____ Records for this exercise

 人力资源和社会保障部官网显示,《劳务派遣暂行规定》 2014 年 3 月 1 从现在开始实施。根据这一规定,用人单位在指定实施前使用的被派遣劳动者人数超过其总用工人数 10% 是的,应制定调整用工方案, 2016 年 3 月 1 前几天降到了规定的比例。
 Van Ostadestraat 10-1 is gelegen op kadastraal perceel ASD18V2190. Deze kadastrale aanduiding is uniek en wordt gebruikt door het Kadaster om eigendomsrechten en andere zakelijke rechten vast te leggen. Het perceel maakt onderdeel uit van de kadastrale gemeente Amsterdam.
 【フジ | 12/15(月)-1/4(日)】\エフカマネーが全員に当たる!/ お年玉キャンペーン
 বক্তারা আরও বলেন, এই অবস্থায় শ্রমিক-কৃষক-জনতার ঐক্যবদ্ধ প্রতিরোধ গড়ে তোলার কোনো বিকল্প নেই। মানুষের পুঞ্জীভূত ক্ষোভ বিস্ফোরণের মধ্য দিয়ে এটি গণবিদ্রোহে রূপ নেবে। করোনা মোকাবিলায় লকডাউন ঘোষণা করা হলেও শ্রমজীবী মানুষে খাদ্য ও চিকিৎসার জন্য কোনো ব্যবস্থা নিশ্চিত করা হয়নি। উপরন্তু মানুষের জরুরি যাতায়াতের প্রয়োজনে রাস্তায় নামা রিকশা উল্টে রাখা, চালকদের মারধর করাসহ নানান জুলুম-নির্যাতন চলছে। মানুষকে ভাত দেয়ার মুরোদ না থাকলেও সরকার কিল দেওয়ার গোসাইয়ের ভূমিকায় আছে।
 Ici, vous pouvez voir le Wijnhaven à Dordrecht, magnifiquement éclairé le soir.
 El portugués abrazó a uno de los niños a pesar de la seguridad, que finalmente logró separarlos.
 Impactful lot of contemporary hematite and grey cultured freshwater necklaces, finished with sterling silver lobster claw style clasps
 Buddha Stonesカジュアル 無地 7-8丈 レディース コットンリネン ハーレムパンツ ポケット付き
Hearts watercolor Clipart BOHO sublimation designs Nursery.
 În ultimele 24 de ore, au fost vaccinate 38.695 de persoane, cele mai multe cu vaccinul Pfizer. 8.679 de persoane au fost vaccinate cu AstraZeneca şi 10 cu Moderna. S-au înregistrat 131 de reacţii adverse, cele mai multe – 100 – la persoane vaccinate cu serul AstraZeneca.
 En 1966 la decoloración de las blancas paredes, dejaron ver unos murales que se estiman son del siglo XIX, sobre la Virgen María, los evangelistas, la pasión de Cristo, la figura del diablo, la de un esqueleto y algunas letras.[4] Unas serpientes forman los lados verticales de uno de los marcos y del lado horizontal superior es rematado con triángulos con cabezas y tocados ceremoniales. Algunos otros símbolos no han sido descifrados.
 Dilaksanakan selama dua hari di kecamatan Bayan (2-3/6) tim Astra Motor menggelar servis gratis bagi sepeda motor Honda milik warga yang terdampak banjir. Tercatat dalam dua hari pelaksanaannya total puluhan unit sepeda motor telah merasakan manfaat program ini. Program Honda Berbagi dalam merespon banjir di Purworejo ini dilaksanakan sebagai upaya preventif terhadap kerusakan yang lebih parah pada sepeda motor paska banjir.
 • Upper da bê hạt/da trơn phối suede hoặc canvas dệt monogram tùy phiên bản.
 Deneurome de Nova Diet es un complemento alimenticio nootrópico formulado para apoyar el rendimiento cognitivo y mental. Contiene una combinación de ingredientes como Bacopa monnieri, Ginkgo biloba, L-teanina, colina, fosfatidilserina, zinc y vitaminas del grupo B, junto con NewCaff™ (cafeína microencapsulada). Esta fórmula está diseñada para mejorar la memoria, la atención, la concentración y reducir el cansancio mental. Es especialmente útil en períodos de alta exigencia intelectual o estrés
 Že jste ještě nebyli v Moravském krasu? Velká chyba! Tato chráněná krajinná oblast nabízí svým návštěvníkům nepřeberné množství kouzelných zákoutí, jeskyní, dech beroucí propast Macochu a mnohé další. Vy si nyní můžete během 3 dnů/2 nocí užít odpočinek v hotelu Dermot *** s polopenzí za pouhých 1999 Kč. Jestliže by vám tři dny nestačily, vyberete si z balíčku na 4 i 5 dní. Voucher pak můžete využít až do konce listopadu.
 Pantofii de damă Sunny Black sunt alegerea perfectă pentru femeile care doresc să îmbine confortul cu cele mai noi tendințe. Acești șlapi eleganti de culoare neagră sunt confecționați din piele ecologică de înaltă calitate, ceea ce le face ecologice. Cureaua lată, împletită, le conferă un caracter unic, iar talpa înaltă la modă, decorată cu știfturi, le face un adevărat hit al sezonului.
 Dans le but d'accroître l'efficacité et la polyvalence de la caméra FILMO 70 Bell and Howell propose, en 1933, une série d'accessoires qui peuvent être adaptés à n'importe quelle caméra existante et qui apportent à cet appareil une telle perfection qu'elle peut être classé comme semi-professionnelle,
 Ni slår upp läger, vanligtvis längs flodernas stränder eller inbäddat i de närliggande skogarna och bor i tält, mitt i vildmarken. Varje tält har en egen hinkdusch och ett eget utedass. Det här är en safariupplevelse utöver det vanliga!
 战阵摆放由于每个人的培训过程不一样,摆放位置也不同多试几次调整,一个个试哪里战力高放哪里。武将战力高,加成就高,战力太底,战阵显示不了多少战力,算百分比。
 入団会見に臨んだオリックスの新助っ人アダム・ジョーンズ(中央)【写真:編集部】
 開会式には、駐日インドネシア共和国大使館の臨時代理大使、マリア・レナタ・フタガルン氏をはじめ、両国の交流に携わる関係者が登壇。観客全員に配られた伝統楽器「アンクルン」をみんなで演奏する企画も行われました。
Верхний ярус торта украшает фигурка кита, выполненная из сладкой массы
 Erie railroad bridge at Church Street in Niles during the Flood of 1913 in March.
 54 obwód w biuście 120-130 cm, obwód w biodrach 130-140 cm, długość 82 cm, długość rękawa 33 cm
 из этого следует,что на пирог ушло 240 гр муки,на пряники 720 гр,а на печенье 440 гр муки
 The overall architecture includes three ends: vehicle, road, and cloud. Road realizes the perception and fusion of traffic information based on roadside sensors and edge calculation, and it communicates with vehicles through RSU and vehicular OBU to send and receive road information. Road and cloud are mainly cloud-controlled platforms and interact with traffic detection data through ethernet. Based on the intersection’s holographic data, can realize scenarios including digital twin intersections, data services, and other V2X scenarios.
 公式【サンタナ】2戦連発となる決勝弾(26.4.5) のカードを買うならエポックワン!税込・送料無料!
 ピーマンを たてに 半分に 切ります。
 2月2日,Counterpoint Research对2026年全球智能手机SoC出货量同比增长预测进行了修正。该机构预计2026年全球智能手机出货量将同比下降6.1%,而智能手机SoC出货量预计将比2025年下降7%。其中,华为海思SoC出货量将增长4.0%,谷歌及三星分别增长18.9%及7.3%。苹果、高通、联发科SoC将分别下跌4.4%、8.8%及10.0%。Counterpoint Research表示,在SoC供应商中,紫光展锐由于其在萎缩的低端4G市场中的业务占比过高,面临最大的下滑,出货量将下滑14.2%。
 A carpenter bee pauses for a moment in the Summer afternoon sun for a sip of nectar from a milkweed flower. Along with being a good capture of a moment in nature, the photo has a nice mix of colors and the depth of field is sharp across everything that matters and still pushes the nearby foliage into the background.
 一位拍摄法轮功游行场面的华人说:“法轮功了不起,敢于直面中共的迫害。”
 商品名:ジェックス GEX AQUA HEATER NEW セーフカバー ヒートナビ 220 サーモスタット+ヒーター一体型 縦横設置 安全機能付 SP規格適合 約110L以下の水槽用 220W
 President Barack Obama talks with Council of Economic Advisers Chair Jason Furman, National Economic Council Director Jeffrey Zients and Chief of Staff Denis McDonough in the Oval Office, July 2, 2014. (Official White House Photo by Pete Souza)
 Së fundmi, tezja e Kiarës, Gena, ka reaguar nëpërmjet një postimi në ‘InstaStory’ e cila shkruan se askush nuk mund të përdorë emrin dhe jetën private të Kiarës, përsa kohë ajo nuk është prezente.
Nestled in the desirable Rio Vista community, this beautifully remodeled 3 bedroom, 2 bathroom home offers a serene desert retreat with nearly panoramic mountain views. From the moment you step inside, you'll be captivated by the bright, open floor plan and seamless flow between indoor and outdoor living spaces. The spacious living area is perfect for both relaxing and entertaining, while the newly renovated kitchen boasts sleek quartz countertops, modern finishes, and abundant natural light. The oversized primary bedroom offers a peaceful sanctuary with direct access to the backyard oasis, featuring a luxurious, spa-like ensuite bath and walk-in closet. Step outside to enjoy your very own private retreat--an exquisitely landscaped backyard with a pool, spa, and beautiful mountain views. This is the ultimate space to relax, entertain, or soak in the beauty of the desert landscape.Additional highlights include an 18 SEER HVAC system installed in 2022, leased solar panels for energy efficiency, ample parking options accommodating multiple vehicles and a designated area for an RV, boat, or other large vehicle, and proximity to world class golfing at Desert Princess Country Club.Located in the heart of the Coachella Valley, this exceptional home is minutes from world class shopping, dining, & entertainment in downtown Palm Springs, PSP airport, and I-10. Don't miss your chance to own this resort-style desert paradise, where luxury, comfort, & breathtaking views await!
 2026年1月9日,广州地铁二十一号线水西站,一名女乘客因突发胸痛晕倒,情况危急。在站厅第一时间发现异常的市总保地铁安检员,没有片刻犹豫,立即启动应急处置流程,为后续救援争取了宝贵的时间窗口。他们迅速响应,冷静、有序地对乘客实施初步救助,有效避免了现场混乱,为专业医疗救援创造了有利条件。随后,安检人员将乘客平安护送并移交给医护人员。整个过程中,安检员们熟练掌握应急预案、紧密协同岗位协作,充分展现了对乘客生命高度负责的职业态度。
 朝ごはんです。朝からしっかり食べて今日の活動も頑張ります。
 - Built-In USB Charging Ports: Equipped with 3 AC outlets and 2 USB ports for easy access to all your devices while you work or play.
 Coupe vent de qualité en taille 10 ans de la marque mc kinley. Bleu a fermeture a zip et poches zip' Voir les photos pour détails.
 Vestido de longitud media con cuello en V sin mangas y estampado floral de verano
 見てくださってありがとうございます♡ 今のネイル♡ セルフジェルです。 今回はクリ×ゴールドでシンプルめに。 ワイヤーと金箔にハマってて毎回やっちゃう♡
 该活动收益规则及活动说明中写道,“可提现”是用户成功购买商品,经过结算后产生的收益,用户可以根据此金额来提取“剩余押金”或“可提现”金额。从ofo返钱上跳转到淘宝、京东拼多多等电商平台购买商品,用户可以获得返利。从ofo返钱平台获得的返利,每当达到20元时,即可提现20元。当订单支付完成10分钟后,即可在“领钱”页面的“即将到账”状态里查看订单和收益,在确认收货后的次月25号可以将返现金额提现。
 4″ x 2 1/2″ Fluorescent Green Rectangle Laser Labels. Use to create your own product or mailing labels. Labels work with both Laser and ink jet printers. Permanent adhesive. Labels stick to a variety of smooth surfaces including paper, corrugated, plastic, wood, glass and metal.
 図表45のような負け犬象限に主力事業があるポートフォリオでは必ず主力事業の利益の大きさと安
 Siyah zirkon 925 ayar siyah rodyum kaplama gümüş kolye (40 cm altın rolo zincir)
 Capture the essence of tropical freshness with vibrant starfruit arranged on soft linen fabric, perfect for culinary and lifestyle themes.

________

Every line above that includes the string "including" needs to be copied.

 The overall architecture includes three ends: vehicle, road, and cloud. Road realizes the perception and fusion of traffic information based on roadside sensors and edge calculation, and it communicates with vehicles through RSU and vehicular OBU to send and receive road information. Road and cloud are mainly cloud-controlled platforms and interact with traffic detection data through ethernet. Based on the intersection’s holographic data, can realize scenarios including digital twin intersections, data services, and other V2X scenarios.
 4″ x 2 1/2″ Fluorescent Green Rectangle Laser Labels. Use to create your own product or mailing labels. Labels work with both Laser and ink jet printers. Permanent adhesive. Labels stick to a variety of smooth surfaces including paper, corrugated, plastic, wood, glass and metal.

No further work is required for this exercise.